[Records drawn from a dataset]
##############################
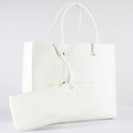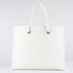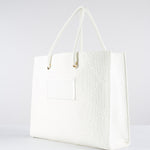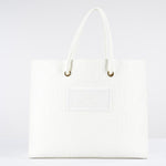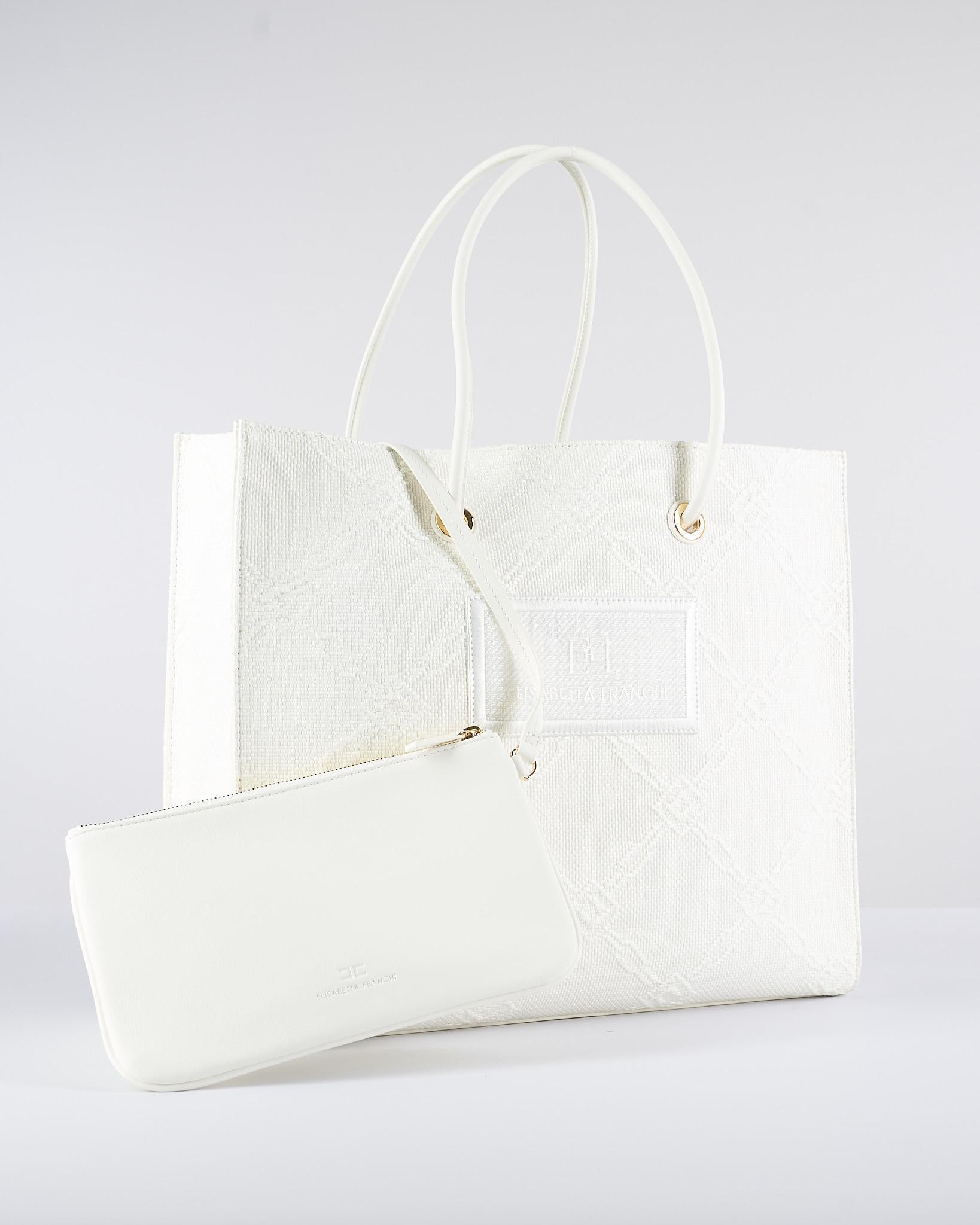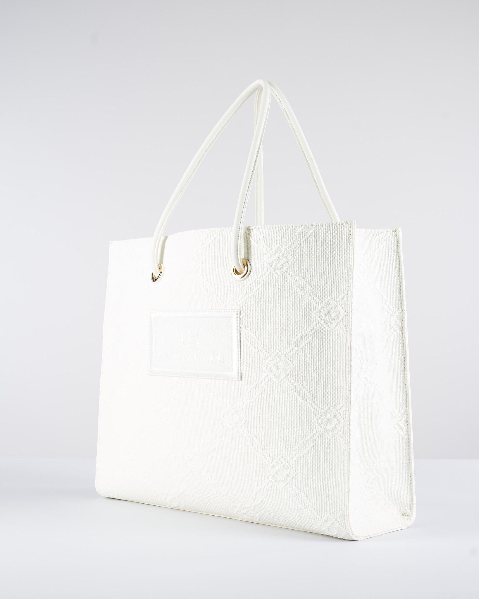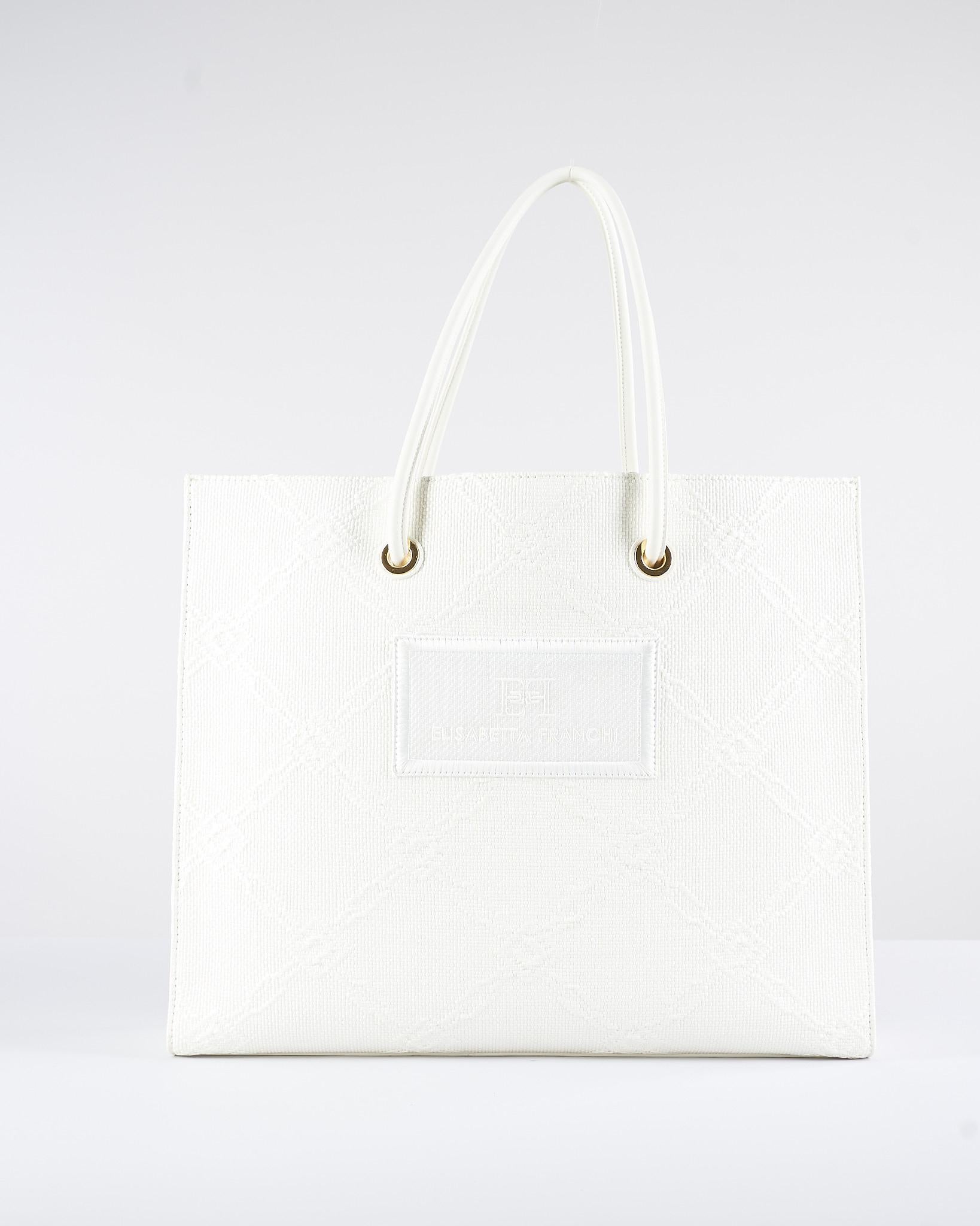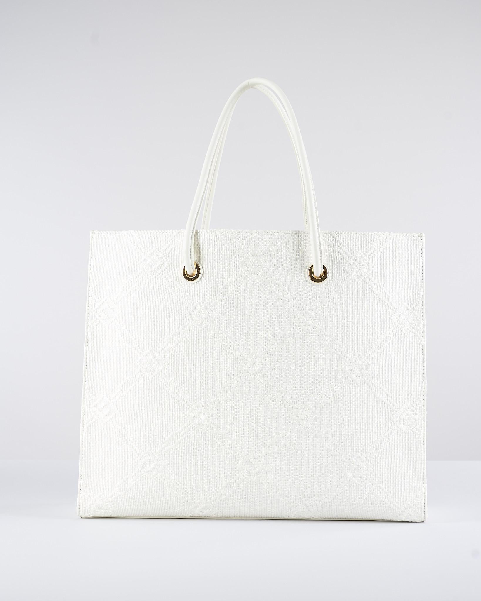 Borsa tote grande realizzata in rafia jacquard con disegno a losanghe, impreziosita da dettagli in metallo dorato per una nota di luce. Una patch con logo ricamato completa l'accessorio.
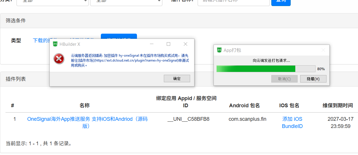 插件市场的原生插件(含付费插件)在下单时将「AppID + Android包名」一起写进了授权记录。如果打包时的 AppID 或包名与购买时绑定的不一致,云端打包校验会失败并提示"未购买"。
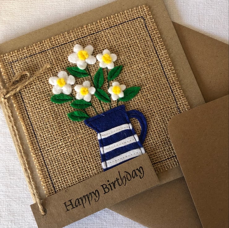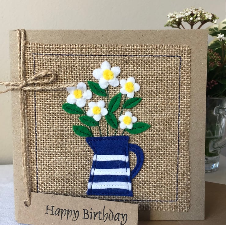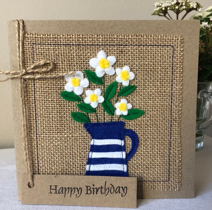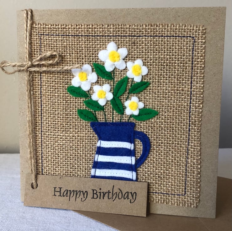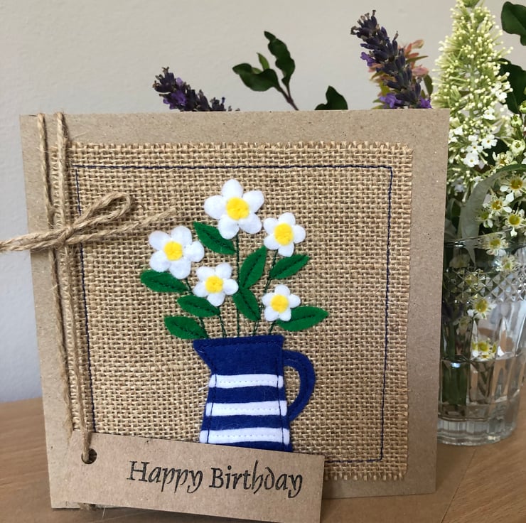 This card is decorated with white daisies in a blue striped jug.
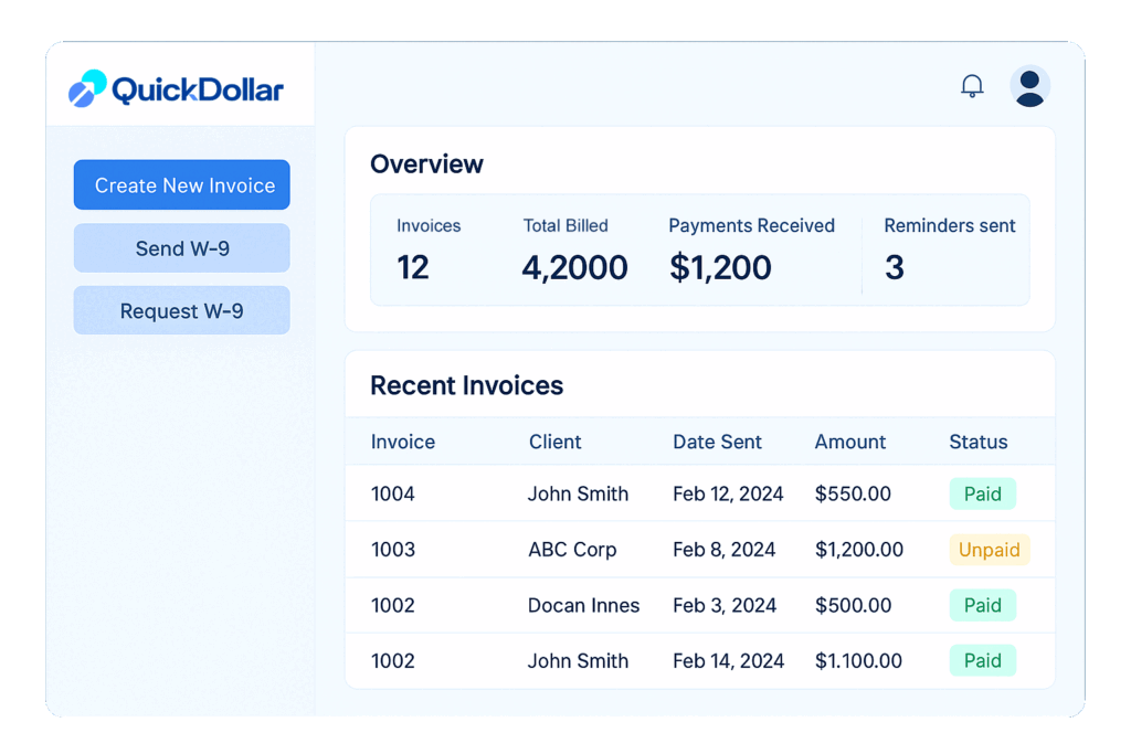 Attach a W-9 automatically with every invoice. Save time, stay compliant, and keep clients happy by giving them everything they need upfront.
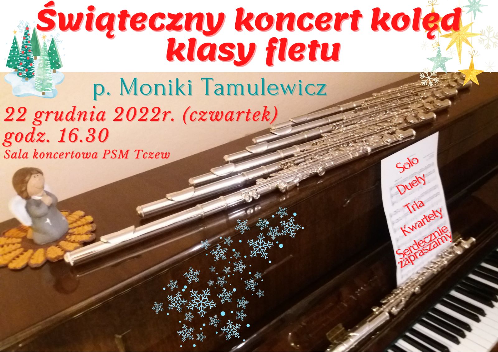 22.12.2022 (czwartek) godzina 16:30 – Świąteczny koncert kolęd klasy fletu p. Moniki Tamulewicz.
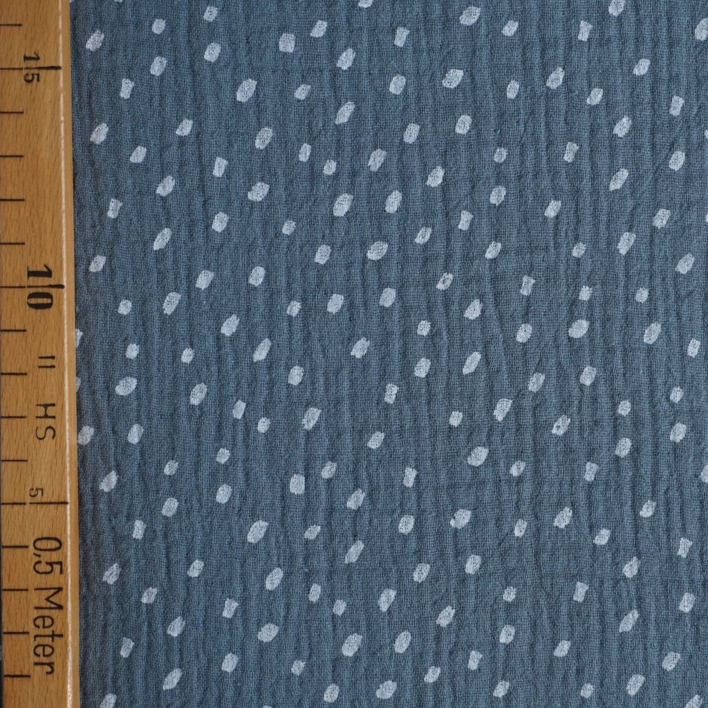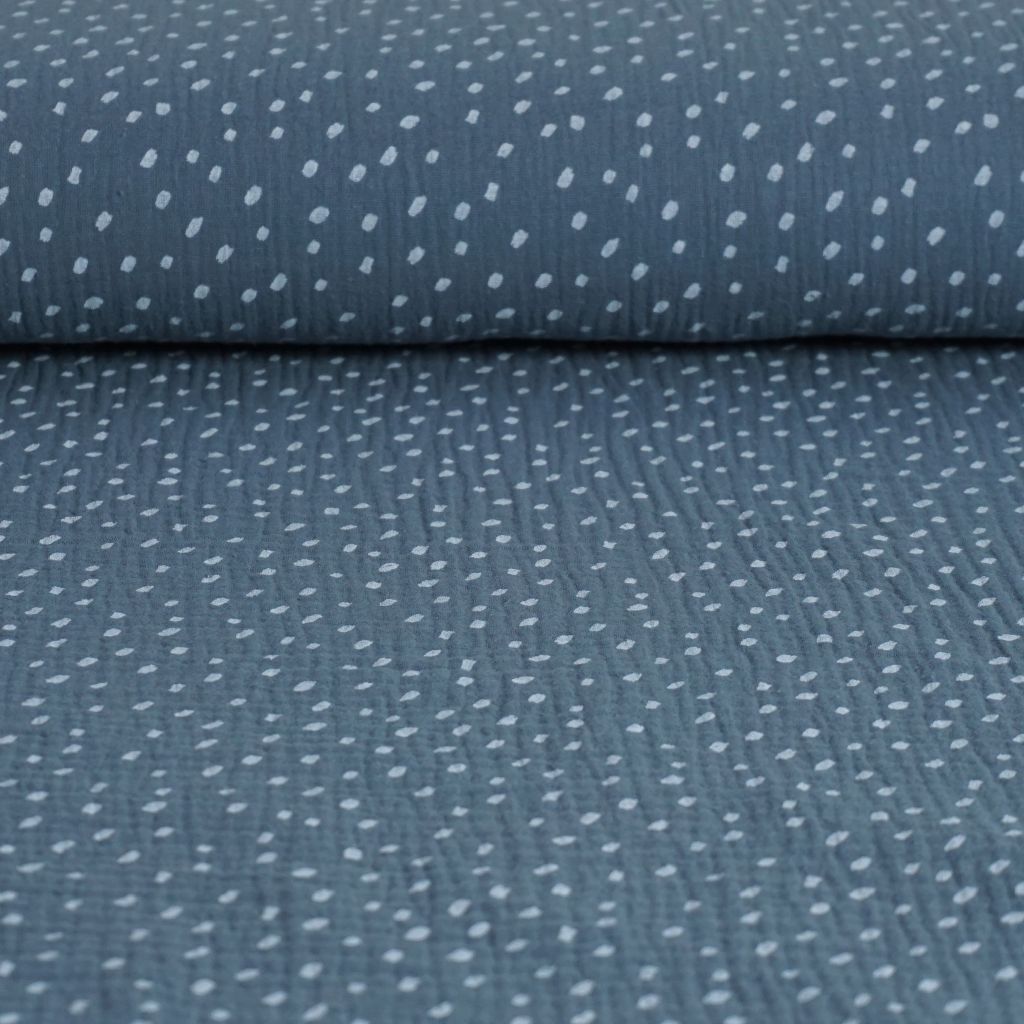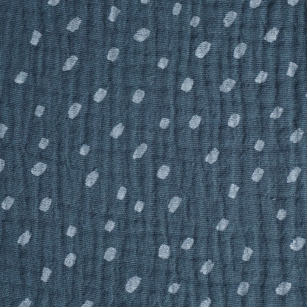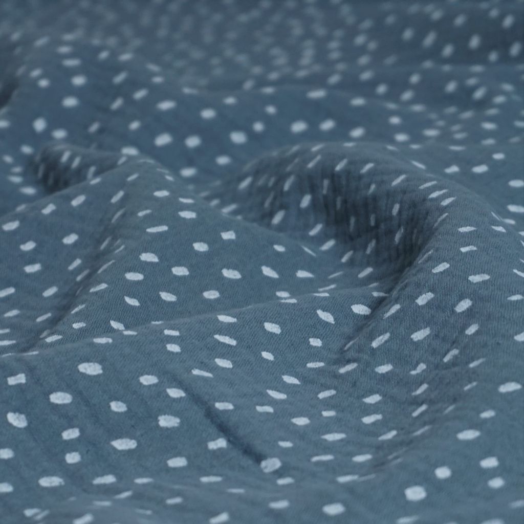 Musselin Double Gauze weiße Tupfen auf stahlblau
##############################
What is required: Print all the records exactly, minus any images.

Result:
 Borsa tote grande realizzata in rafia jacquard con disegno a losanghe, impreziosita da dettagli in metallo dorato per una nota di luce. Una patch con logo ricamato completa l'accessorio.
 插件市场的原生插件(含付费插件)在下单时将「AppID + Android包名」一起写进了授权记录。如果打包时的 AppID 或包名与购买时绑定的不一致,云端打包校验会失败并提示"未购买"。
 This card is decorated with white daisies in a blue striped jug.
 Attach a W-9 automatically with every invoice. Save time, stay compliant, and keep clients happy by giving them everything they need upfront.
 22.12.2022 (czwartek) godzina 16:30 – Świąteczny koncert kolęd klasy fletu p. Moniki Tamulewicz.
 Musselin Double Gauze weiße Tupfen auf stahlblau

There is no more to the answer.